Tom sighed. Fished in his pocket for change. Jesus, how right Little had been. He was now in a mortuary drawer with three bullet holes in his head. A far cry from a new life. If he could speak, he’d say: ‘I told you, Bartlett. But you just wouldn’t fuckin’ listen up’.

Back in the waiting room, Linda was now sitting, head hung down between her shoulders, unmoving. She was withdrawn, consumed by her own thoughts and fears.

“I got you a Coke,” Tom said, holding out the can.

She took it. Pressed the ice-cold metal to her forehead. Rolled it back and forth. “Thanks. Anything?” she asked.

“Only that they’re nearly finished operating, and he’s made it this far. No details.”

It was another ninety minutes before a guy in surgical greens entered. Linda could read nothing in his expression.

“Mrs. Barnes?” he asked.

“No. I’m Linda Reece. I’m Matt’s...partner,” she said, as if needing to explain.

“I’m Dr. Lawson. One of the team that have been patching, er, Matt up.”

A badger, Linda thought, standing up to face the portly surgeon. He was in his fifties, and he sported a bushy black beard that was going to white in the middle, over his chin.

“He’s in post-op, now,” Sam Lawson said.

Thank God! He was alive. “Is he going to...?”

“I believe he’s going to pull through, Ms. Reece. But his condition is still serious. We had to remove his left kidney, though that in itself is not a major concern.”

“What is?” Linda asked.

“He lost a great deal of blood and went into severe shock. If there was a lengthy decrease in the flow of blood to his brain, then tissues will have been deoxygenated.”

“Are you saying he might be brain damaged?”

“I’m saying, we’ll know better when he regains consciousness. His EEG looks fine. I don’t bet, but if I was a gambling man, I’d put money on him making it. Having said that, there are no guarantees.”

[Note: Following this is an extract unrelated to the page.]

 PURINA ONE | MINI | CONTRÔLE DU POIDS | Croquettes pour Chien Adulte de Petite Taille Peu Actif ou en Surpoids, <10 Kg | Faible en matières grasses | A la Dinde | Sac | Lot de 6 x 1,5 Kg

“There never are in life,” Linda whispered, and then ran out of the room to look for the toilets. She was going to throw up, and the doctor could have safely bet a month’s salary on that.

 

 

 

 

CHAPTER THREE

 

FIRST
thing he did when he got in was make coffee, before going into the lounge to feed a live cricket to Simon, his pet spider. After being away, taking care of business, he knew that the little guy would now be peckish.

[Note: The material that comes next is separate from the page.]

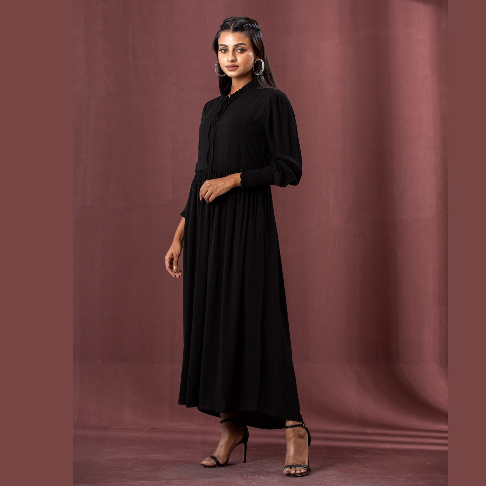This ladies' black long dress features a frilled neckline, smocked sleeves, and a gathered waist, creating a chic and flattering silhouette. Made from lightweight georgette fabric, it offers a regular fit that blends elegance with comfort, ideal for any occasion.

The thrill of the kill had subsided. After the event, he always experienced a period of anticlimax. Even now, so soon, he wanted to feel the high again. Everyone dies. Take your pick; natural causes, accident, suicide or murder. But the anticipation of personally making it happen was what turned
his
wheels. When he wasn’t taking life, he was thinking about it, or planning it.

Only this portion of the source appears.